On Wednesday’s workshop I endured a frustrating chat with a statistician of the Austrian agency AGES. Collection of errors and misconceptions:
  • Simulation-based methods ‘Type 2’ (e.g., Potvin C) lead to an inflated TIE.
    Wrong. Even with the original adjusted α 0.0294 only within n1 12–16 and CV 16–26%. Could easily be counteracted by a more conservative α 0.0282.
  • Kieser and Rauch4 showed that 0.0294 is not correct.
    Wrong. The authors didn’t show anything (in the sense of a proof) but lamented that 0.0294 is Pocock’s adjusted α for a superiority test (one-sided), wheras for equivalence the correct one is 0.0304. Right, though both are for a group-sequential design with a fixed sample size and one interim at exactly ½N.a That’s not what we have in a TSD with sample size re-estimation in the interim. When you inspect the electronic supplementary material of the paper – or better, perform simulations with a narrower grid – you will find a slight inflation of the TIE. In TSDs the adjustment depends on the ranges of n1 and CV, the fixed GMR, and the target power. Incidentally in Method B 0.0294 turns out to be conservative.b That’s the reason why regulators prefer B over C. For an example where Method C was not accepted see there. If you want to go with Method B, you could use an adjusted α 0.0301. Quoting the GL: “… the choice of how much alpha to spend at the interim analysis is at the company’s discretion.”
    The NLYW had a PhD in biostatistics and believed [sic] that 0.0304 is suitable in all settings. Jesus fucking Christ!
  • Simulation-based methods are basically to be rejected in principal, since there are exact methods that control the TIE.
    Well roared, lion! For 2×2 crossovers only since our posters.1,2 I have strong doubts that – given the rudimentary information – anybody ever successfully used it. The [image] scripts given by Maurer et al.3 are almost useless. Practically the method couldn’t be applied until we implemented it (THX to Ben!) in Power2Stage. In other words, it is wishful thinking that someone could have used the method before April 2018.
    An analogous version for repeated confidence intervals in parallel designs doesn’t exist at all. I don’t know anybody working on it. Not trivial for unequal group sizes and/or variances. Reply: “Doesn’t matter because parallel designs are rarely used in BE.” Wake up, girlie!
Was like talking to a brick wall or a conversation with your TV set.
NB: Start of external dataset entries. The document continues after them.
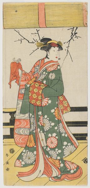 Katsukawa Shun'ei created this woodblock print depicting the actor Sawamura Sojuro the 3rd. Kabuki theater in Japan was a vibrant stage for exploring complex social dynamics. In this print, we see a famous actor in an “onnagata” role, where men play women. Consider the tensions here: male actors embodying female characters who may have been marginalized in society. These theatrical performances sometimes challenged rigid gender norms, offering a space to reflect on identities. The pleasure-boat setting adds another layer, hinting at the floating world of entertainment and perhaps even the transgressive behaviors tolerated within those spaces. Japanese woodblock prints were an integral part of the cultural landscape, reflecting the desires and fantasies of their audience. These images both reinforced and subtly questioned the social order of the time.
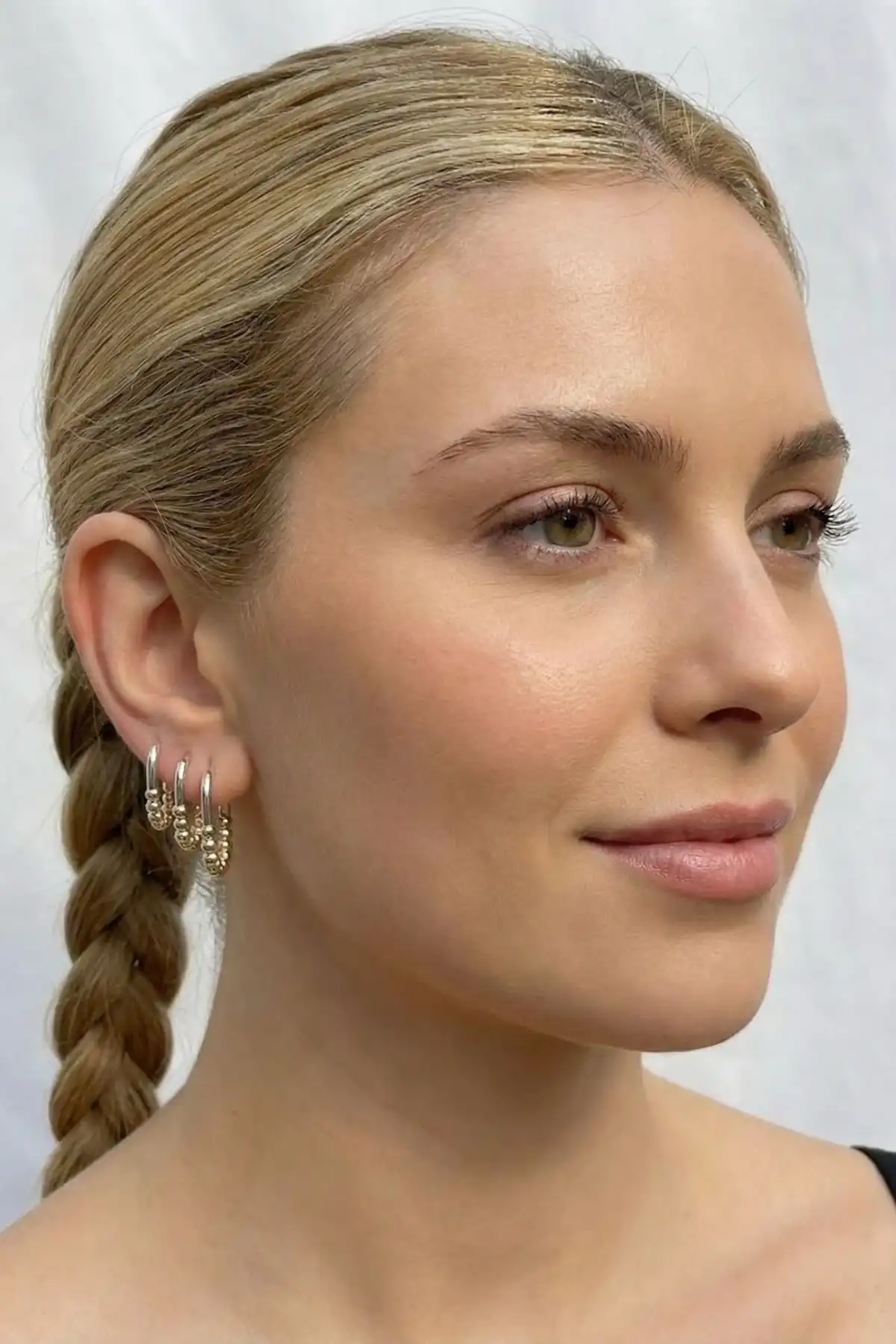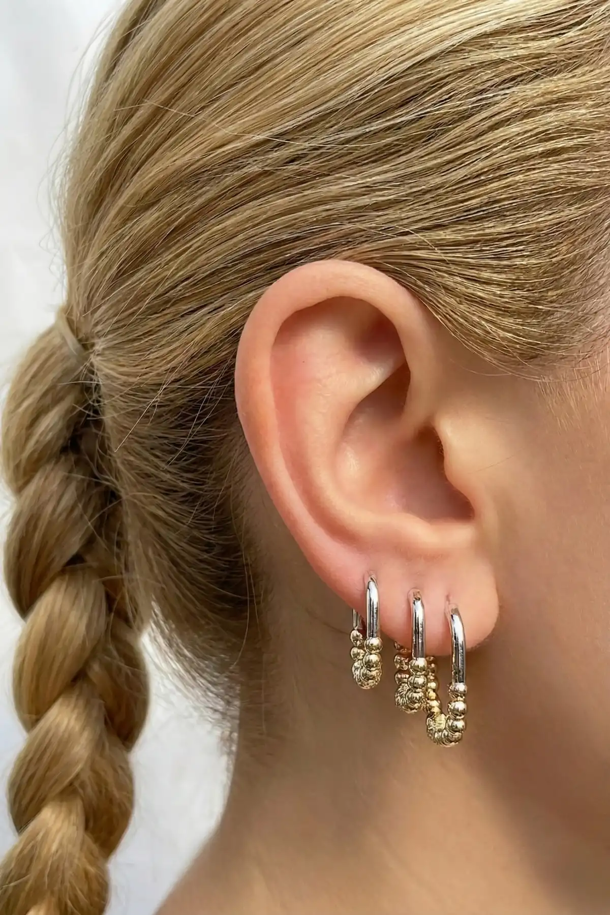 YSX 14K Altın Kaplama Minimal Top Detaylı Halka Küpe Seti
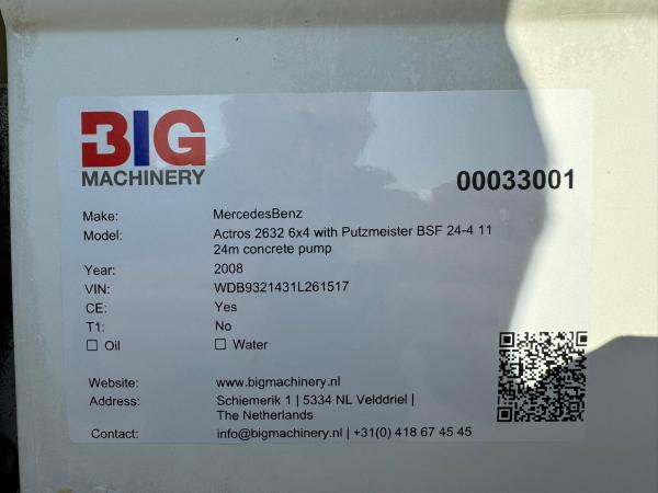 | Особенности | Actros 2632 6x4 with Putzmeister BSF 24-4 11 24m concrete pump |
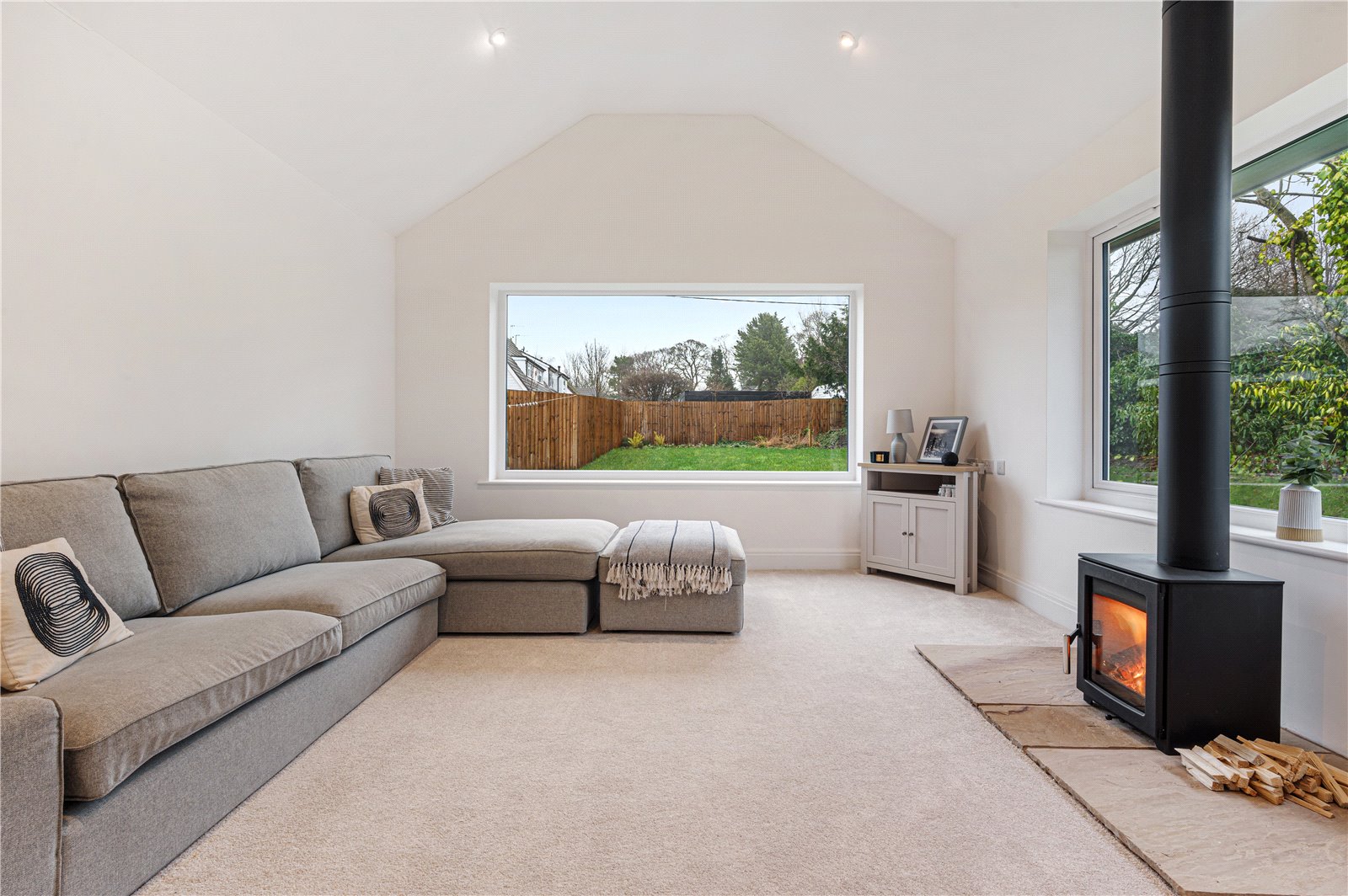 This fantastic home features an open-plan kitchen/dining room looking out onto the rear garden though aluminium bifold doors. The wonderful kitchen space is open to the living area with a cosy wood burning stove and large windows showcasing fantastic dual aspects. The essentials are covered with a utility room, pantry/store and WC on the ground floor and a further separate living room with sliding sash windows.
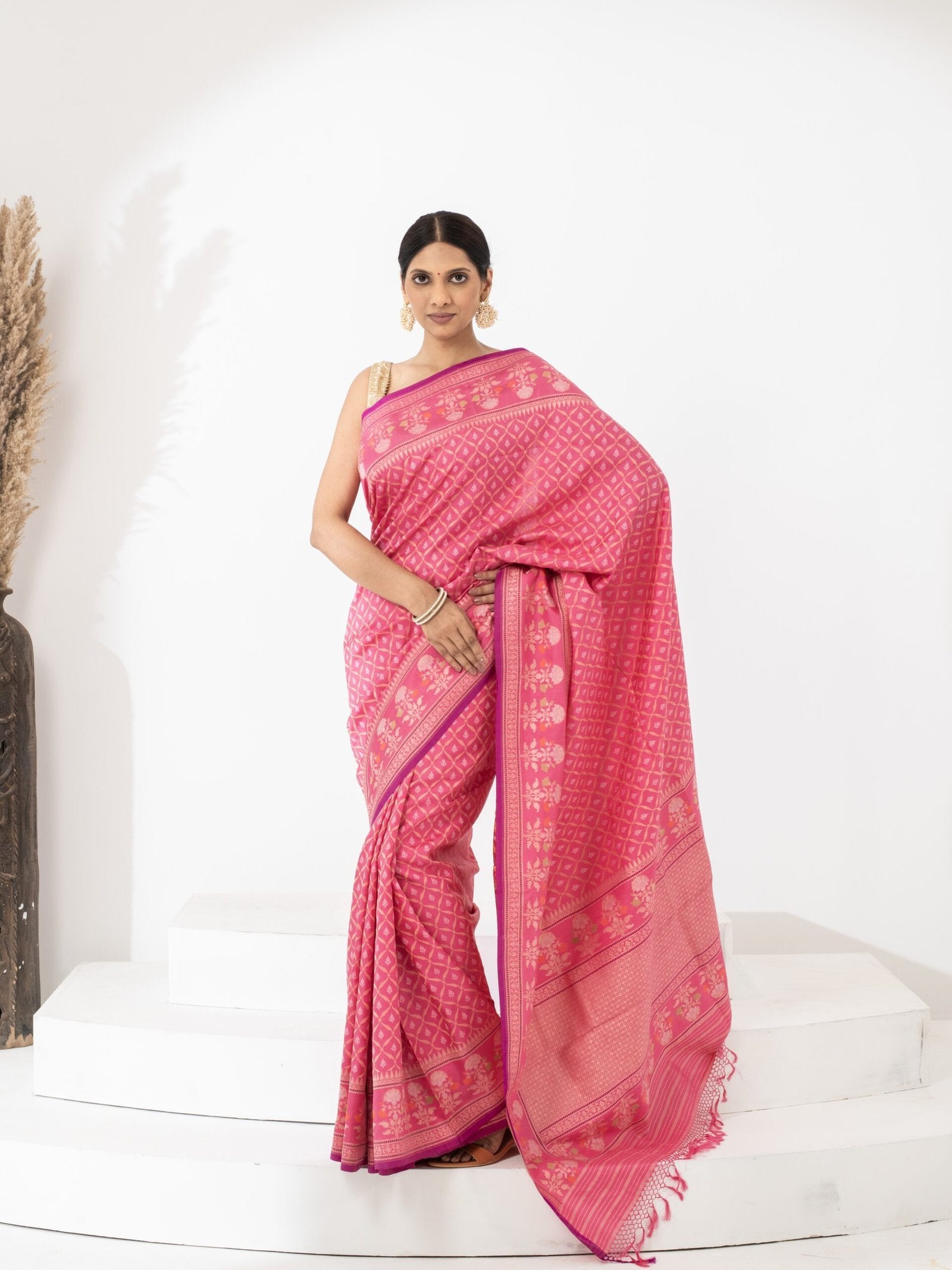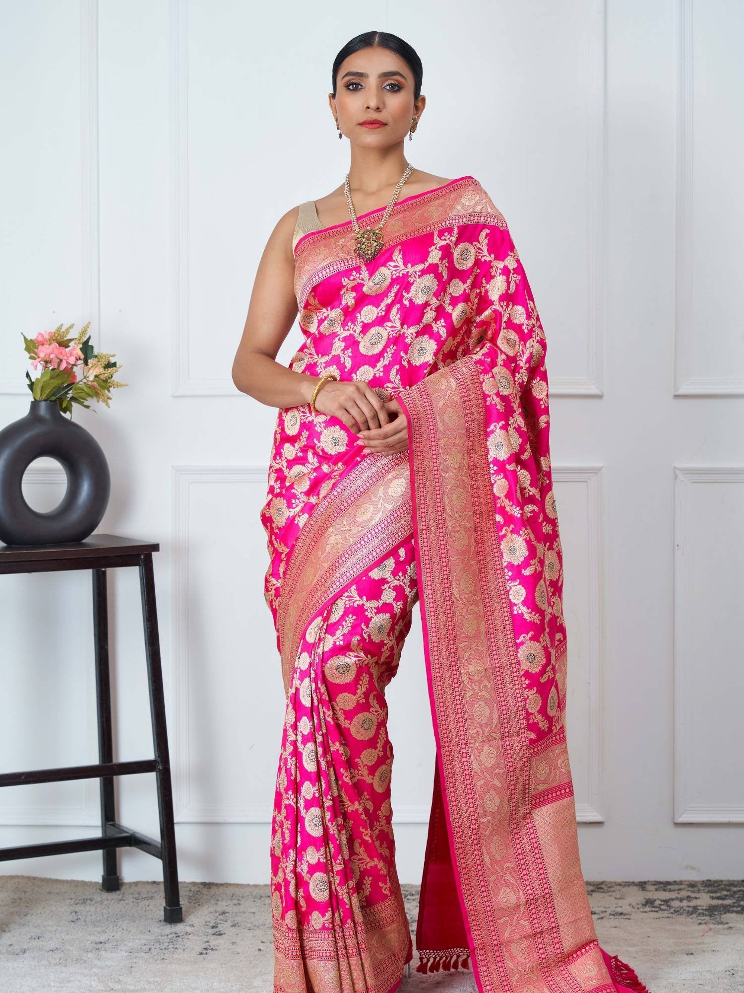 Color: Radiant fuchsia pink with golden zari highlights

Yesterday I sent a clarification  e-mail  rant to Thomas Lang (AGES, member of the BSWP). I don’t expect to get a reply. [Edit: One month later. Expectation realized.]


  1. König F, Wolfsegger M, Jaki T, Schütz H, Wassmer G. Adaptive two-stage bioequivalence trials with early stopping and sample size re-estimation. 2014. doi:10.13140/RG.2.1.5190.0967.
  2. König F, Wolfsegger M, Jaki T, Schütz H, Wassmer G. Adaptive two-stage bioequivalence trials with early stopping and sample size re-estimation. Trials. 2015; 16(Suppl 2);P218. doi:10.1186/1745-6215-16-S2-P218.
  3. Maurer W, Jones B, Chen Y. Controlling the type 1 error rate in two-stage sequential designs when testing for average bioequivalence. Stat Med. 2018; 37(10): 1587–1607. doi:10.1002/sim.7614.
  4. Kieser M, Rauch G. Two-stage designs for cross-over bioequivalence trials. Stat Med. 2015; 34(16): 2403–16. doi:10.1002/sim.6487.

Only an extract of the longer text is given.